Step 4: Wait for the approval refresh

The API gateway refreshes its approved tool list from Convex every 60 seconds. After approving, wait up to 60 seconds for the tool to appear in the public API.

Step 5: Verify

bash

# Check the API serves the tool
curl -s https://api.toolrouter.com/v1/tools/my-tool | python3 -m json.tool

# Check the website (ISR revalidates every 60s)
curl -sI https://toolrouter.com/tools/my-tool | head -1
# Should return: HTTP/2 200

Step 6: Test via ToolRouter MCP

The final verification is calling the tool through the MCP package — the same way real agents use it:

bash

# If not already configured, add ToolRouter MCP:
claude mcp add toolrouter -- npx -y toolrouter-mcp

# Then in Claude Code, use the discover and use_tool MCP tools to:
# 1. discover("my-tool") — verify it appears in results
# 2. use_tool({ tool: "my-tool", skill: "my_skill", input: { ... } }) — verify it executes

This confirms the full pipeline: agent → MCP → gateway → handler → response.
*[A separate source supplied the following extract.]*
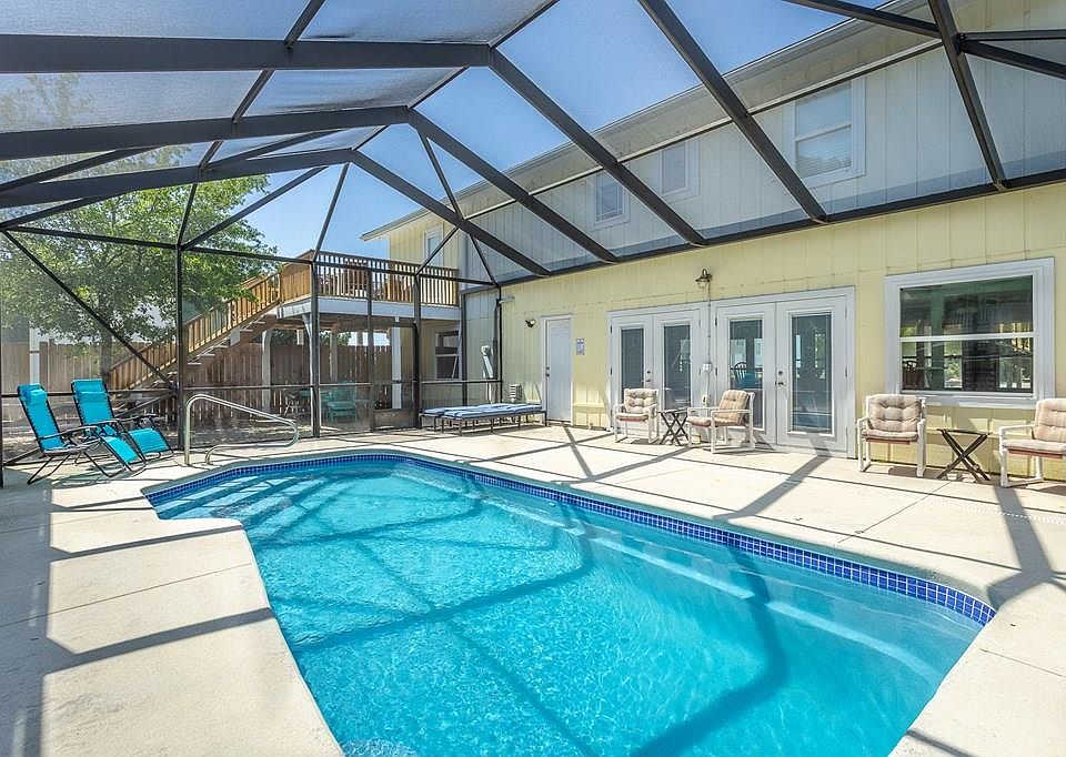Welcome to The Salty Snapper! A popular 3BD/3BR vacation rental with a PRIVATE POOL and GAME ROOM. NEW ROOF installed October 21, 2025! Located just minutes from the heart of ST. GEORGE ISLAND, this property provides panoramic BAY VIEWS, privacy, and easy access to everything the island has to offer. The home features a spacious split-bedroom floor plan, with expansive WRAP-AROUND DECKS perfect for enjoying PICTURESQUE SUNSETS with the whole family. A screened-in POOL connected to the lower-level rec room with a full bathroom provides endless entertainment options, The previous window unit in the game room has been removed and replaced with a NEW split unit for improved comfort and efficiency, while a large fenced yard offers a safe space for pets or children to play. For those with a love for outdoor adventure, the property includes a 24'x30' metal storage building with a 12' covered bay, ideal for storing boats, cars, golf carts, and other gear. Inside, the home is designed for both relaxation and functionality, with a central gathering area that seamlessly blends into the outdoors. The kitchen is a chef's dream, equipped with STAINLESS STEEL appliances, beautiful GRANITE countertops, and plenty of storage to make meal prep a joy. Located in a peaceful, NO HOA neighborhood ~ you're just minutes away from shopping, dining, and the sparkling GULF WATERS. Whether you're looking for a full-time residence, a vacation home, or an INCOME-GENERATING INVESTMENT property, The Salty Snapper checks all the boxes. The home is being offered FULLY FURNISHED, so it's move-in ready, and you can immediately start enjoying the island life or begin earning from vacationing guests. Don't miss the opportunity to see this charming beach house in person ~ schedule your private showing today! Be sure to check out the 360 TOUR @ https://www.zillow.com/view-imx/b07b6611-a5b3-4062-9334-f3cd34f10ad2?setAttribution=mls&wl=true&initialViewType=pano&utm_source=dashboard

How approval works internally

Tools register into the ToolRegistry at startup regardless of approval status
registry.listTools() filters by the approved set (loaded from Convex tool_approvals table)
registry.listToolsUnfiltered() returns all tools (used by admin endpoints)
The gateway calls refreshApprovals() every 60 seconds to sync the in-memory set
Health endpoint (/health) reports the approved tool count
If the approval loader is not configured (e.g. local dev with no Convex), all tools are visible

Checking current approvals

bash

# List all currently approved tools
CONVEX_DEPLOYMENT=prod:jovial-pika-231 npx convex run --no-push toolApprovals:listApproved

# Revoke approval (hides tool from public API)
CONVEX_DEPLOYMENT=prod:jovial-pika-231 npx convex run --no-push \
  toolApprovals:setApproval '{"toolName": "my-tool", "approved": false, "updatedBy": "yourname"}'

How do I add an icon for my tool?

Every tool needs an icon. Icons are 3D photorealistic objects on gradient backgrounds, generated with Flux 2 Pro via fal.ai ($0.03/image).

Icon config format

Add your tool to TOOL_ICONS in scripts/generate-icons.mjs:

javascript

'my-tool': {
  subject: {
    object: '3D [single object description]',
    material: '[what it is made of — ceramic, metal, glass, etc.]',
  },
  background: {
    gradient: ['[top color]', '[bottom color]'],
  },
  lighting: '[soft top-down | dramatic rim | warm golden | cool ambient]',
},

Design rules

ONE object only — not "magnifying glass with globe and documents." Just the magnifying glass.
3D with real materials — describe what it's made of: ceramic, chrome, leather, glass, wood.
Unique gradient — check existing tools in your category. Don't duplicate colors.
No accessories — no floating secondary elements, sparkles, or decorative extras.

Category color guidelines

Category	Gradient Range
Search/Web	Blues, cyans, teals
Security	Dark reds, crimsons, blacks
Finance	Teals, golds, navys
Media/Audio	Purples, violets, magentas
Data/Reference	Greens, limes, soft blues
Social	Pinks, oranges, corals
Marketing	Electric blues, purples
Weather/Nature	Sky blues, golds, oranges
Utility	Charcoals, slates, dark grays

Generate the icon

bash

FAL_KEY=<key> node scripts/generate-icons.mjs --tool my-tool

Output: web/public/icons/my-tool.png + my-tool.webp (512x512)

How metadata is surfaced

Your tool's metadata appears in different contexts with different levels of detail:

Context	What's shown
Search results (6+ matches)	`name` + `subtitle` + skill names
Compact results (2-5 matches)	`name` + `subtitle` + skills with input params
Exact match / tool detail	`subtitle` + `description` + `instructions` + full skills with schemas and examples
Website tool card	Icon + `displayName` + `subtitle` + star rating
Website tool page	Icon + `displayName` + `subtitle` + `description` + all skills
REST API `GET /v1/tools/:tool`	Full manifest including all fields

The subtitle is the most-seen field — it appears in every context. Write it as if it's the only thing agents and users will read before deciding to click.

The instructions field is agent-only — it never appears on the website. It's shown when an agent queries a specific tool by name via discover. This is your chance to give agents a detailed guide.